Well, so much for that eagerly awaited legal battle! After inching toward a historic court case in which ebook reader maker Barnes & Noble would finally test the validity of Microsoft’s Android-based patents, the two firms suddenly announced a sweeping settlement this week. Not only that, but Barnes & Noble and Microsoft are also partnering to help spin off the Nook ebook reader platform as a new company.

What?!

The sudden settlement of the Barnes & Noble patent-infringement lawsuit would be blockbuster news on its own. But with the two companies now partnering on a Nook spinoff—to be called Newco, of all things—all bets are off. The two one-time enemies are now ... partners.

“The shift to digital is putting the world’s libraries and newsstands in the palm of every person’s hand, and is the beginning of a journey that will impact how people read, interact with, and enjoy new forms of content,” Microsoft President Andy Lees said in a prepared statement. “Our complementary assets will accelerate e-reading innovation across a broad range of Windows devices, enabling people to not just read stories, but to be part of them. We’re at the cusp of a revolution in reading.”

Under the terms of the settlement, both Barnes & Noble and Newco have acquired “a royalty-bearing license under Microsoft’s patents” for the Nook ebook reader and tablet products, which was Microsoft’s goal in the first place: to get Barnes & Noble to pay a licensing fee for the infringing technologies used by the Android OS at the heart of the Nook. So Newco will indeed pay a royalty to Microsoft for each Nook device sold going forward.
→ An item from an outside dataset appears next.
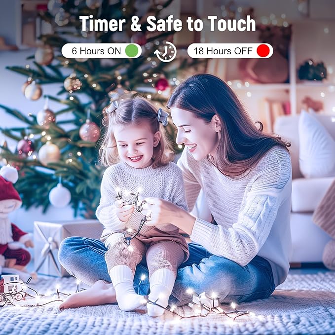 - 【8 Lighting Modes&Timer Function】Waves, Combination, Fading, Fireflies, Chasing, Twinkle, Fading slowly, and Steady-on. Each mode is so different and having that option is great as each night mode is different. Wine night, beer night, music night, party night. Different modes are controlled by the button on the plug. The Christmas lights also timing function, which automatically turns on for 6 hours and turns off for 18 hours.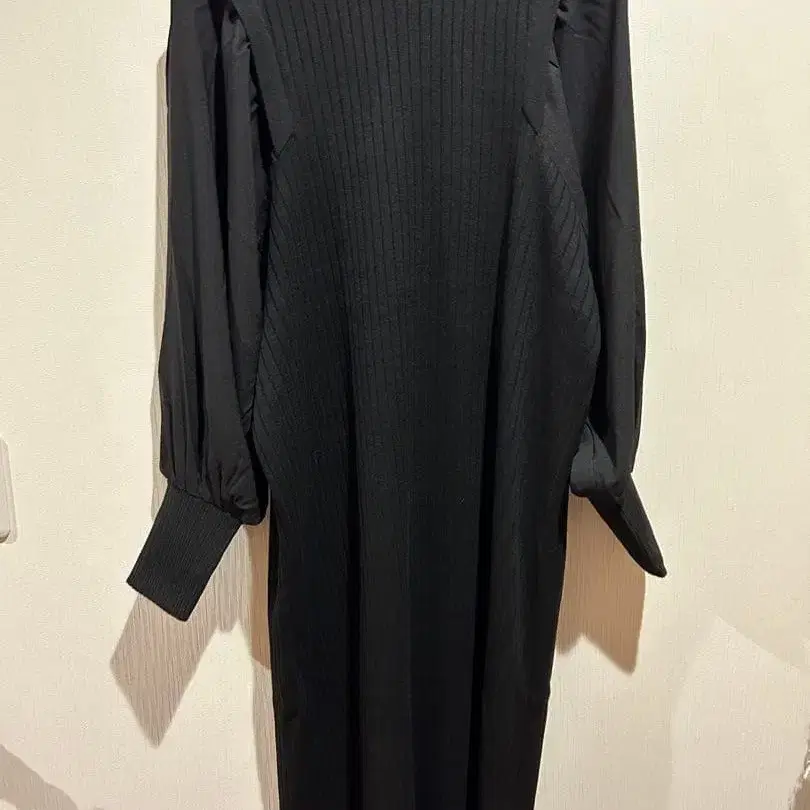 미사용 새상품 YAMADAYA 메독 퍼프 슬리브 리브 니트 원피스 블랙

And Microsoft now owns 17.6 percent of Newco, thanks to a $300 million investment in an entity that is valued at $1.7 billion. Barnes & Noble owns the remaining 82.4 percent of Newco, which will operate as a subsidiary and continue to supply the Nook devices to the firm’s retail locations. Barnes & Noble revealed its plans to spin off Nook in January, when the troubled bookseller revealed that future investments in the platform would be costly.

Newco will also develop a Nook app for Windows 8, as Amazon has done for its Kindle ebook reader platform. That said, one has to believe such an app would have been created regardless. The bigger deal, perhaps, is the possibility that Newco will abandon the use of Android in its Nook devices and move to Windows. A publicly presented Microsoft slide previously listed an ebook reader as a Windows 8 device type alongside traditional PCs, laptops and ultrabooks, tablets, and slates. At the time, it seemed like a curious inclusion. But the sweeping deal with Barnes & Noble might put that in perspective.